A Kafka connector for Broadway.

BroadwayKafka can subscribe as a consumer to one or more topics and process streams of records within the same consumer group. Communication is done through Kafka's Consumer API using the :brod client.

options

Options

  • :hosts - Required. A list of host and port tuples or a single string of comma separated HOST:PORT pairs to use for establishing the initial connection to Kafka, e.g. [localhost: 9092]. Examples:

    # Keyword
    ["kafka-vm1": 9092, "kafka-vm2": 9092, "kafka-vm3": 9092]
    
    # List of tuples
    [{"kafka-vm1", 9092}, {"kafka-vm2", 9092}, {"kafka-vm3", 9092}]
    
    # String
    "kafka-vm1:9092,kafka-vm2:9092,kafka-vm3:9092"
  • :group_id - Required. A unique string that identifies the consumer group the producer will belong to.

  • :topics - Required. A list of topics that the producer will subscribe to.

  • :receive_interval - Optional. The duration (in milliseconds) for which the producer waits before making a request for more messages. Default is 2000 (2 seconds).

  • :offset_commit_on_ack - Optional. Tells Broadway to send or not an offset commit request after each acknowledgement. Default is true. Setting this value to false can increase performance since commit requests will respect the :offset_commit_interval_seconds option. However, setting long commit intervals might lead to a large number of duplicated records to be processed after a server restart or connection loss. If that's the case, make sure your logic is idempotent when consuming records to avoid inconsistencies. Also, bear in mind the the negative performance impact might be insignificant if you're using batchers since only one commit request will be performed per batch.

  • :offset_reset_policy - Optional. Defines the offset to be used when there's no initial offset in Kafka or if the current offset has expired. Possible values are :earliest or :latest. Default is :latest.

  • :group_config - Optional. A list of options used to configure the group coordinator. See the "Group config options" section below for a list of all available options.

  • :fetch_config - Optional. A list of options used when fetching messages. See the "Fetch config options" section below for a list of all available options.

  • :client_config - Optional. A list of options used when creating the client. See the "Client config options" section below for a list of all available options.

group-config-options

Group config options

The available options that will be passed to :brod's group coordinator.

  • :offset_commit_interval_seconds - Optional. The time interval between two OffsetCommitRequest messages. Default is 5.

  • :rejoin_delay_seconds - Optional. Delay in seconds before rejoining the group.
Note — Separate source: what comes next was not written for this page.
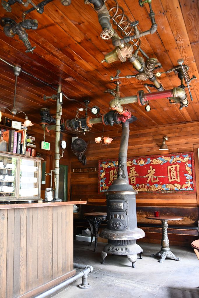 We enjoyed this wood stove, and the fabulous pipes on the ceiling. The glass case to the left holds cigars.

Default is 1.

  • :session_timeout_seconds - Optional. Time in seconds the group coordinator broker waits before considering a member 'down' if no heartbeat or any kind of request is received. A group member may also consider the coordinator broker 'down' if no heartbeat response is received in the past N seconds. Default is 30 seconds.

  • :heartbeat_rate_seconds - Optional. Time in seconds for member to 'ping' group coordinator. Heartbeats are used to ensure that the consumer's session stays active and to facilitate rebalancing when new consumers join or leave the group. The value must be set lower than :session_timeout_seconds, typically equal to or lower than 1/3 of that value. It can be adjusted even lower to control the expected time for normal rebalances. Default is 5 seconds.

fetch-config-options

Fetch config options

The available options that will be internally passed to :brod.fetch/5.

  • :min_bytes - Optional. The minimum amount of data to be fetched from the server. If not enough data is available the request will wait for that much data to accumulate before answering. Default is 1 byte. Setting this value greater than 1 can improve server throughput a bit at the cost of additional latency.

  • :max_bytes - Optional. The maximum amount of data to be fetched at a time from a single partition. Default is 1048576 (1 MiB). Setting greater values can improve server throughput at the cost of more memory consumption.

  • :max_wait_time - Optional. Time in millisecond. Max number of milliseconds allowed for the broker to collect min_bytes of messages in fetch response. Default is 1000ms.

client-config-options

Client config options

The available options that will be internally passed to :brod.start_client/3.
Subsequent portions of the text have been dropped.